» **WHAT IS EXPECTED**:
Take the line containing "Шампиньоны помыть, обсушить" and every line after it to the end of the records, and copy them exactly, leaving out pictures.

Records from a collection
■ ■ ■ ■ ■

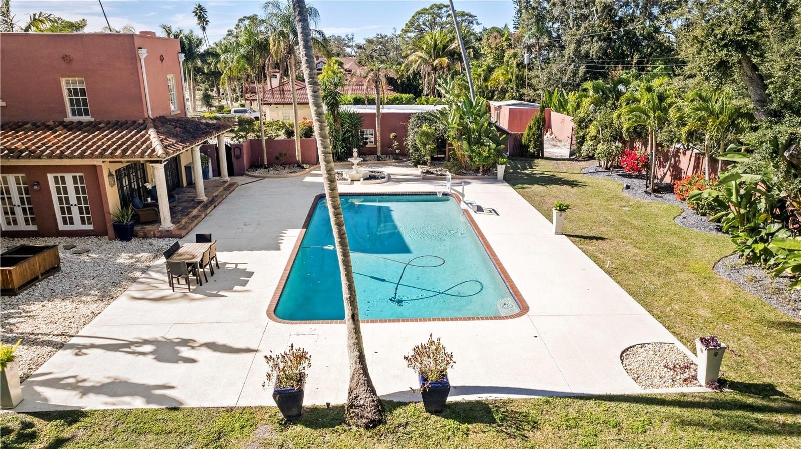 Situated on an expansive 28,000-square-foot lot in the highly desirable Palma Sola Park neighborhood, the property is surrounded by mature landscaping that enhances its sense of privacy. A large mango tree anchors the yard while a well-fed irrigation system installed approximately six years ago helps keep the grounds vibrant and green. Outdoor living is equally inviting with a covered back porch, generous pool deck for entertaining, and a mosquito misting system that allows you to enjoy the outdoor areas more comfortably year-round. A backyard storage shed offers additional space for tools, lawn equipment, or even the potential for a small workshop. Recent improvements add further value, including a new roof installed over the mother-in-law suite, along with the newly added pool heater. Located in one of the area's most charming historic neighborhoods, this property is believed to be among the earliest homes built in Palma Sola Park, offering a rare chance to own a piece of local history while enjoying generous indoor living space and a private outdoor retreat.
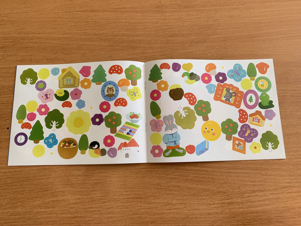 Красивые, яркие, красочные иллюстрации. Нравится искать и клеить наклейки. Занимаемся с удовольствием.
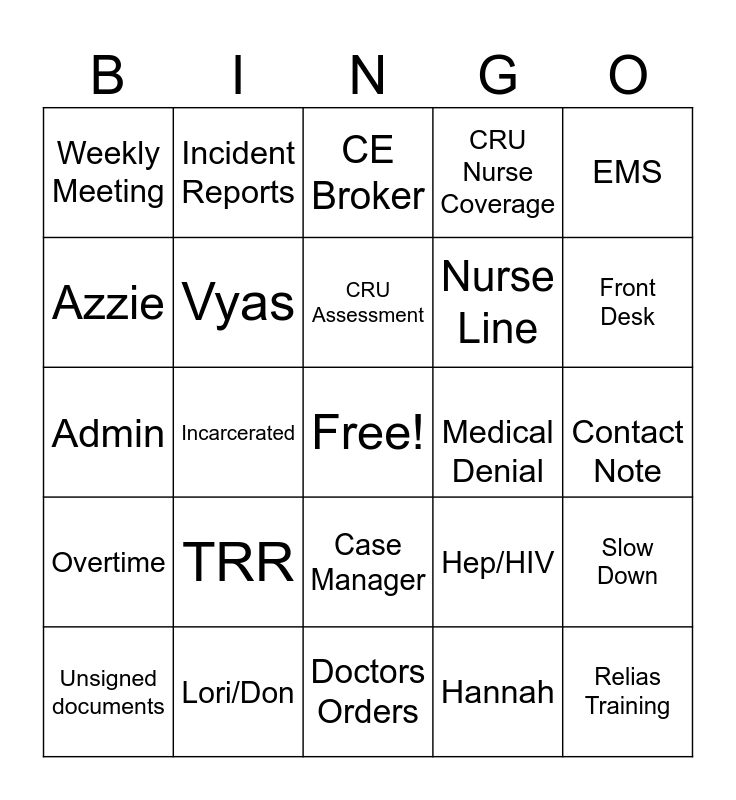 This bingo card has a free space and 24 words: Unsigned documents, TRR, CRU Assessment, Hannah, EMS, Weekly Meeting, Incident Reports, CE Broker, Medical Denial, Contact Note, Admin, Vyas, Hep/HIV, Slow Down, Azzie, Lori/Don, Doctors Orders, CRU Nurse Coverage, Front Desk, Overtime, Incarcerated, Case Manager, Nurse Line and Relias Training.
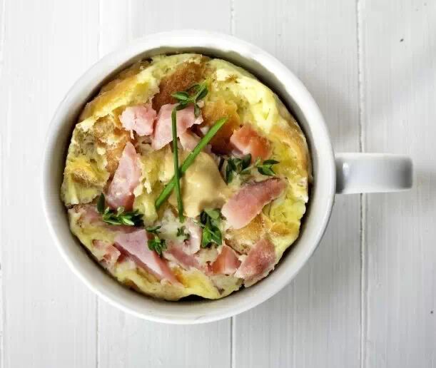 将鸡蛋、牛奶、盐、胡椒搅匀后倒入咖啡杯中,加入撕成硬币大小的面包、奶油奶酪、火腿丁,撒上百里香。用微波炉加热70秒,撒上第戎芥末和葱末装饰
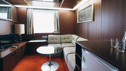 Двухкомнатная двухместная каюта (площадь 19,7 кв.м.) со всеми удобствами, расположенная на шлюпочной палубе.
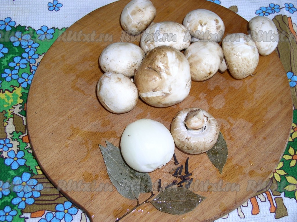 Шампиньоны помыть, обсушить и нарезать пластинками. Обжарить грибы со специями в разогретом масле до золотистого цвета (я в качестве специй добавляю 1 лавровый лист или 1-2 гвоздички, а в конце жарки их удаляю). Полученное масло слить в отдельную емкость.
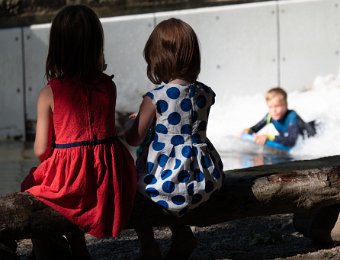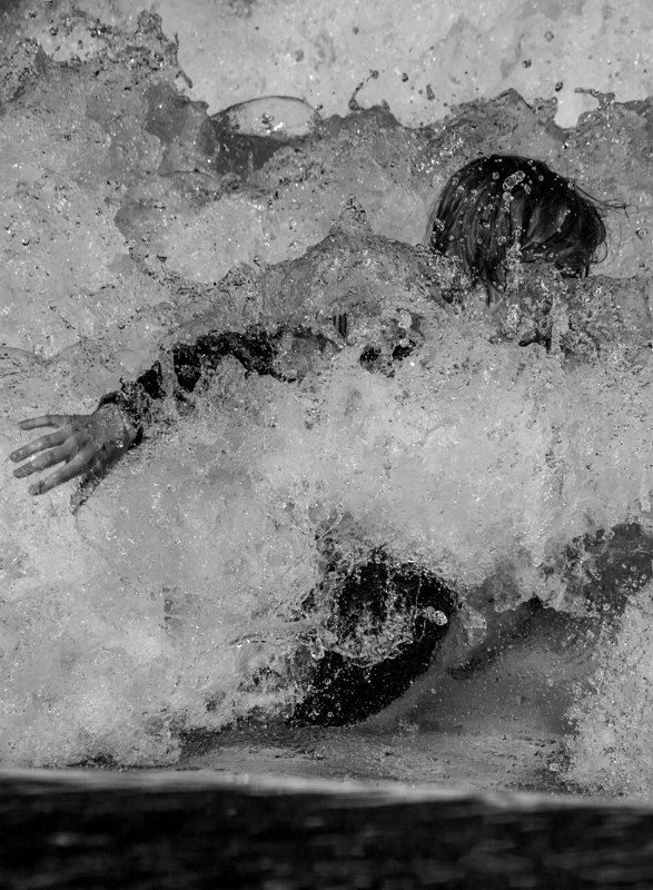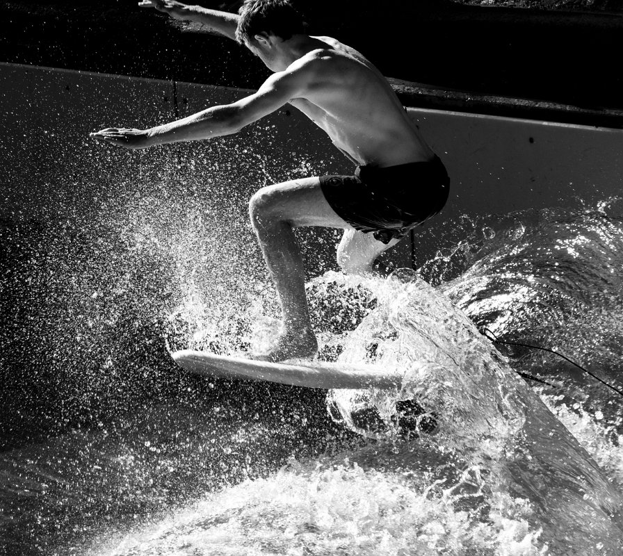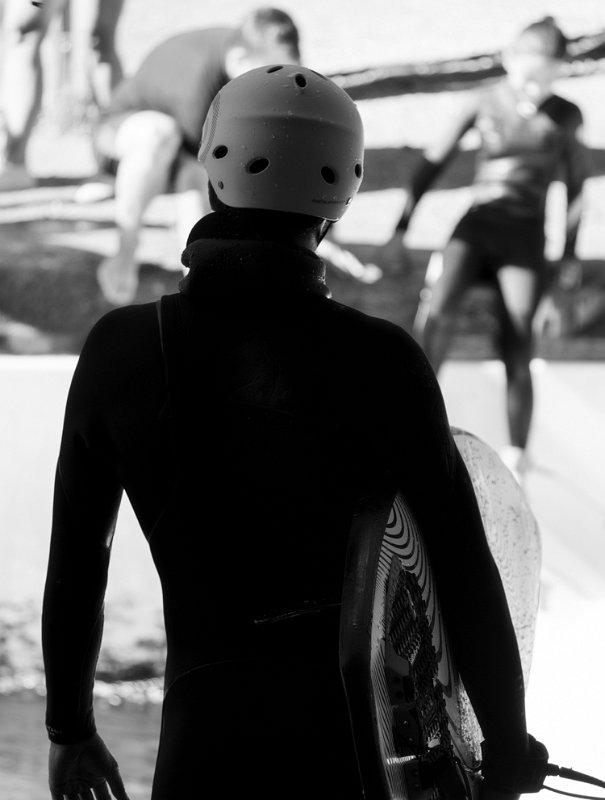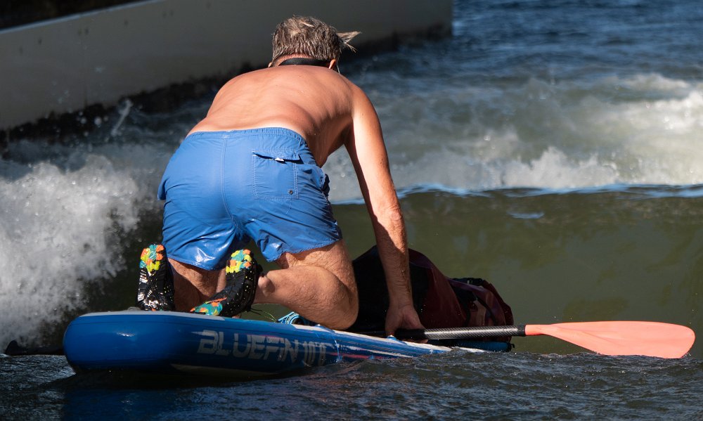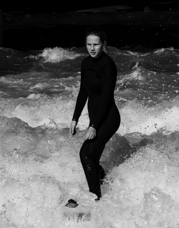 Helden und Gummi-Amazönchen an der Thalkirchner Surfwelle.

■ ■ ■ ■ ■

» **COMPLETED EXERCISE**:
 Шампиньоны помыть, обсушить и нарезать пластинками. Обжарить грибы со специями в разогретом масле до золотистого цвета (я в качестве специй добавляю 1 лавровый лист или 1-2 гвоздички, а в конце жарки их удаляю). Полученное масло слить в отдельную емкость.
 Helden und Gummi-Amazönchen an der Thalkirchner Surfwelle.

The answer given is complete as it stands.